To build a simple example of getting real time analytics (mean and standard deviation) of a simulated IoT sensor values (temperature/soil nitrogen content/moisture content etc).
All the values generated since the sensor began operation are not stored in a database (we can choose to store them too, millions of entries too can be easily manageable by modern databases). Only the final analytics outputs are stored. Also the computation mechanism must accommodate for moving mean and standard deviation which should be the same as the true mean and std dev if we stored all the sensor values but there is no big machine available with enough RAM to accommodate millions of values generated by the sensor over time, hence the calculations must support an incremental approach.
The sensor operates 24/7 and it will work forever.
plant_max_demo.mp4
Note: Just to show the possibilities of the UI, we've done a dummy run with the frontend to show if the values go below or above a threshold then how does the UI display those changes.
Basics of Data Engineering using queue based solutions and an intuitive solution for incremental and real time analytics. Some math about the incremental mean and std dev. Also socketio.
We simulate an IoT sensor producing some value at fixed time intervals and our aim is to build a system which is real time in nature and provides us with the mean and standard deviation of the values generated till date. As per the constraints, we can't store all values generated so we must simulate streaming analytics with incremental updates. We use special formulas for mean and std dev calculations which support incoming new data (1 data point) and their output equals to the actual mean and std dev if all values are stored. The generation process is a simple random number generation written in python which acts as a Producer for the queue. The producer throws all the values on the queue (we use kafka as the event bus here). A consumer on the other end subscribes to this queue, listens to incoming messages, consumes them, does the calculation and stores them in a database (redis). These values are also then published to another queue which is meant for the updates to be sent to a simple websocket based Javascript backend server. A simple frontend displays the mean and standard deviation in an updating fashion with a socket.io connection.
- Python for writing the producer and consumer codebase.
- Javacript (node & express) for the socketio backend.
- React for the frontend.
- Kafka as an event bus (can easily use RabbitMQ, NATS, NATS streaming, redis pub/sub etc. instead)
- Redis as a database (coz why not! can use mongo too - preferrable some key value pair DB)
- Docker to containerize all individual deplyoments
- Helm as package manager for configuring deployment in the kubernetes cluster
- Kubernetes (k3s) for orchestration
All these modules can be run in a single machine.

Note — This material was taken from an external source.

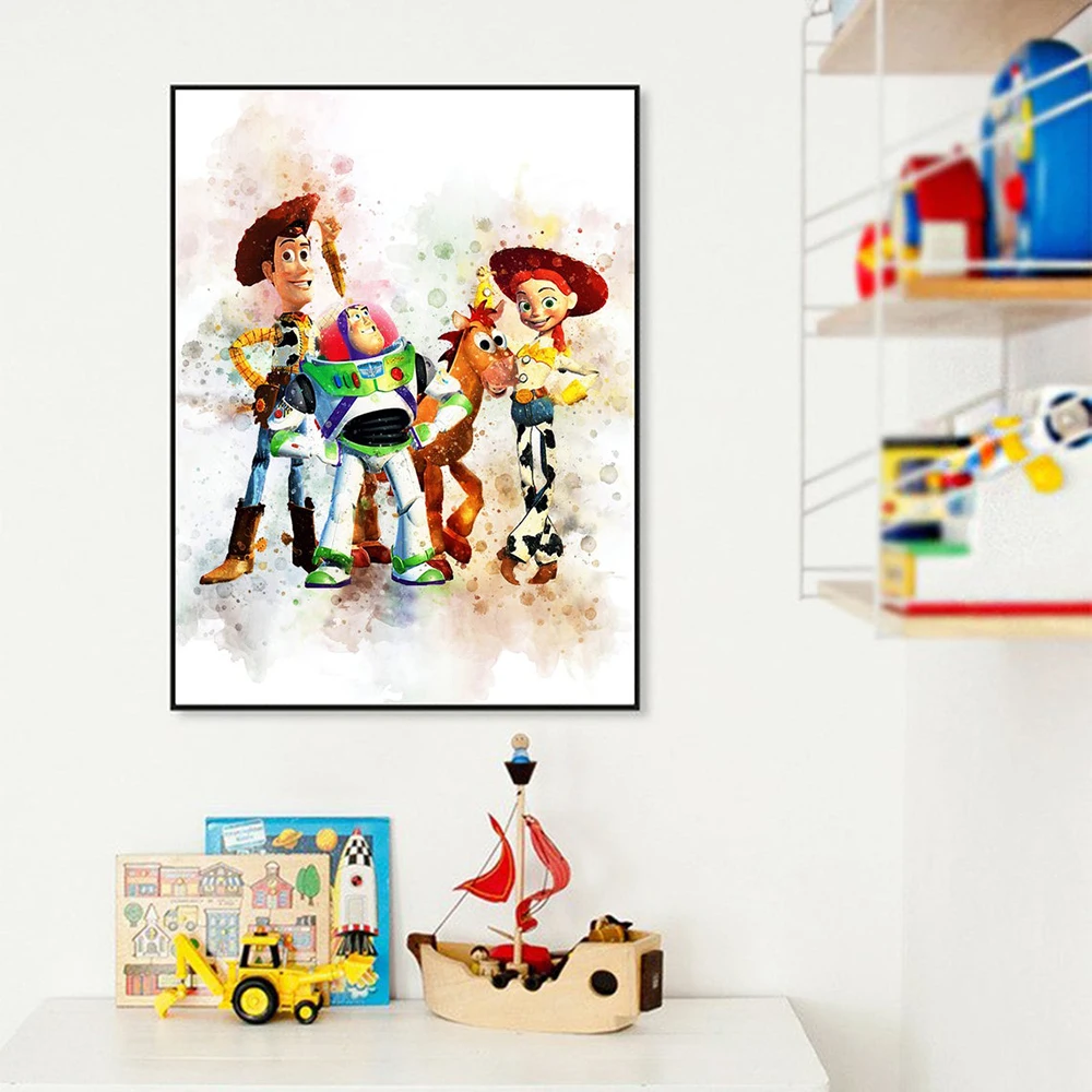 История игрушек, акварельные принты на e-mail Декор стены искусства вечерние История игрушек, холст Pantings для детей украшения Disney подарок на день рождения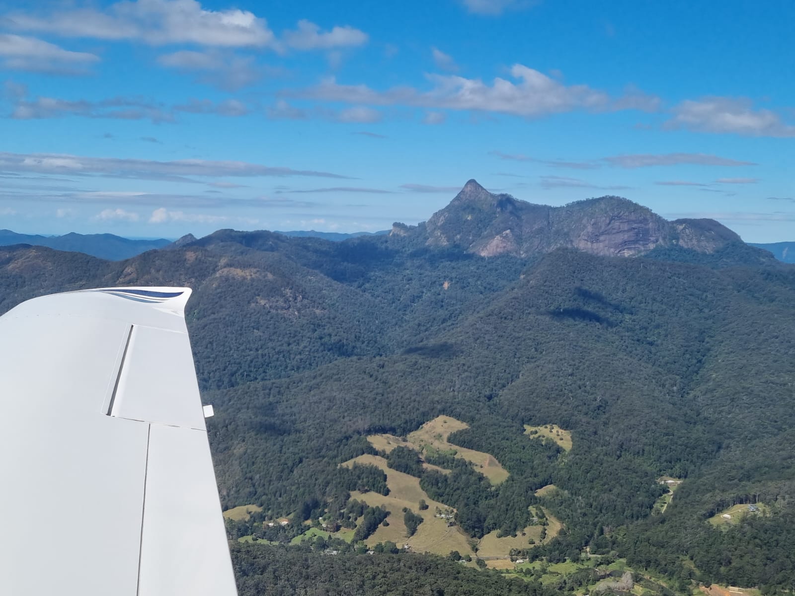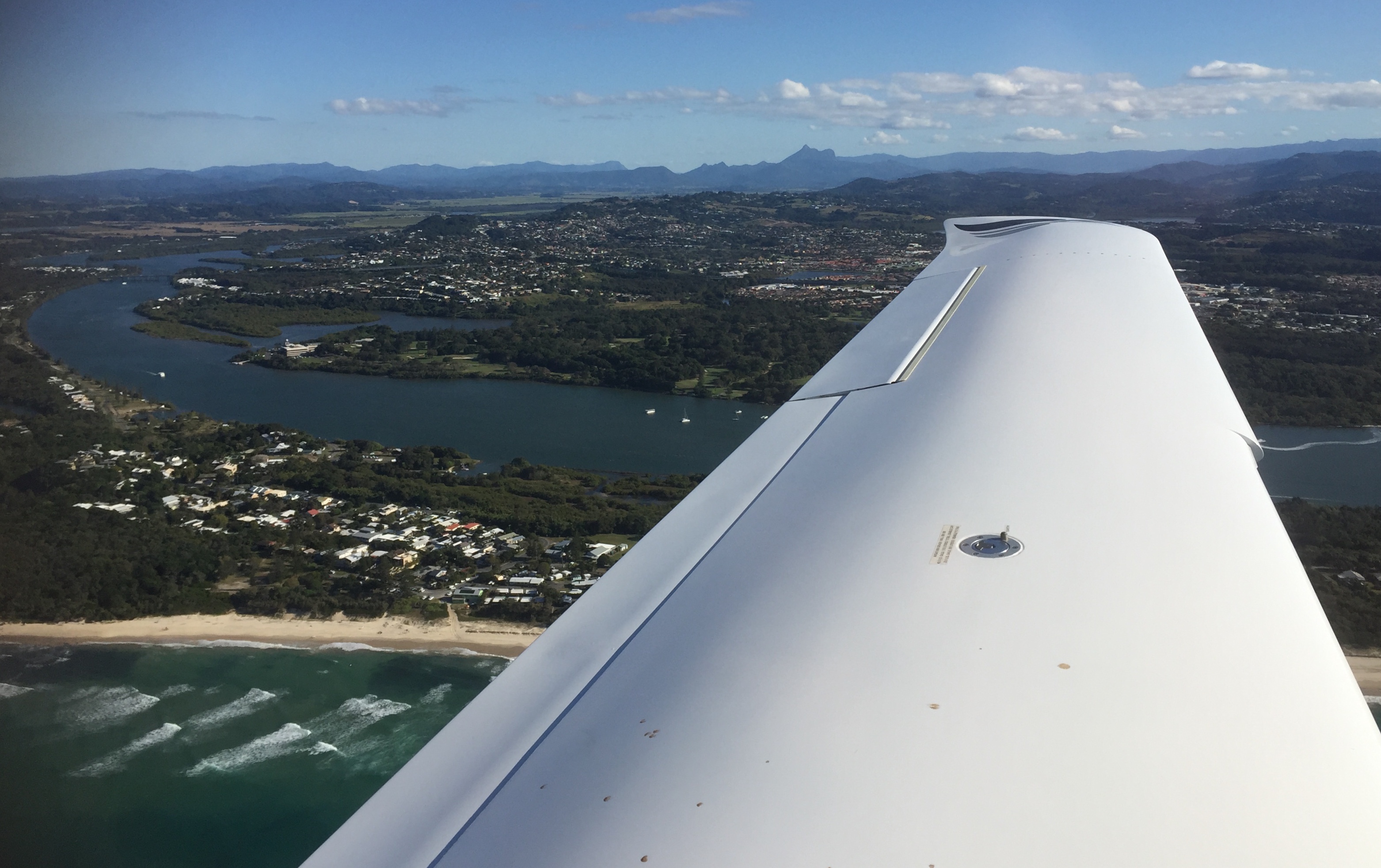 One of the most scenic flights in this part of the world is to follow the NSW/Queensland border from the coast to the west through the area called the Border Ranges. It’s full of the remnants of volcanos including one which has as its centre a volcanic plug, called Mount Warning. The caldera that surrounds it forms numerous cliffs and valleys, much of which is still wilderness but there’s also miles and miles of rolling farmland with villages and towns scattered around. I’ve loved flying there since I first went on an early cross country flight with an instructor out of Redcliffe. The town of Murwillumbah is at the foot of Mt Warning, on the banks of the Tweed River, that winds its way through farms and sugarcane fields on its way to Tweed Heads and the Gold Coast. Whether you want to see spectacular mountains, cliffs, beaches, rivers, skyscrapers, lakes this border ranges have it all, packed into a very compact area. We’ve spent many holidays at the beach just south of the border and have climbed Mt Warning on three occasions (when it was still permitted) and have friends who’ve built an amazing house on a hill called “Round Mountain” nearby. So we love to visit the area. And you know what? There’s an airfield at Murwillumbah so we can actually fly there and land.

I run all this in a Google Cloud VM with 2 vCPU and 7.5 GB RAM with Ubuntu 18.04. Note: All these steps must be followed in the given order or we might see a lot of errors
- Docker - Installation steps
K3s is a lightweight version of the Kubernetes (K8s) API made to work on edge devices (IoT systems) such as a raspberry pi but it works perfectly well in a normal system.
Navigate to the following website: https://k3s.io/ and follow the steps given right on the first page to install it
If you see the following error:
WARN[0000] Unable to read /etc/rancher/k3s/k3s.yaml, please start server with --write-kubeconfig-mode to modify kube config permissions error: error loading config file "/etc/rancher/k3s/k3s.yaml": open /etc/rancher/k3s/k3s.yaml: permission denied
Follow the steps given in this answer to set the permissions the right way
Helm is a package manager for kubernetes - analogous to pip for python or npm for JS.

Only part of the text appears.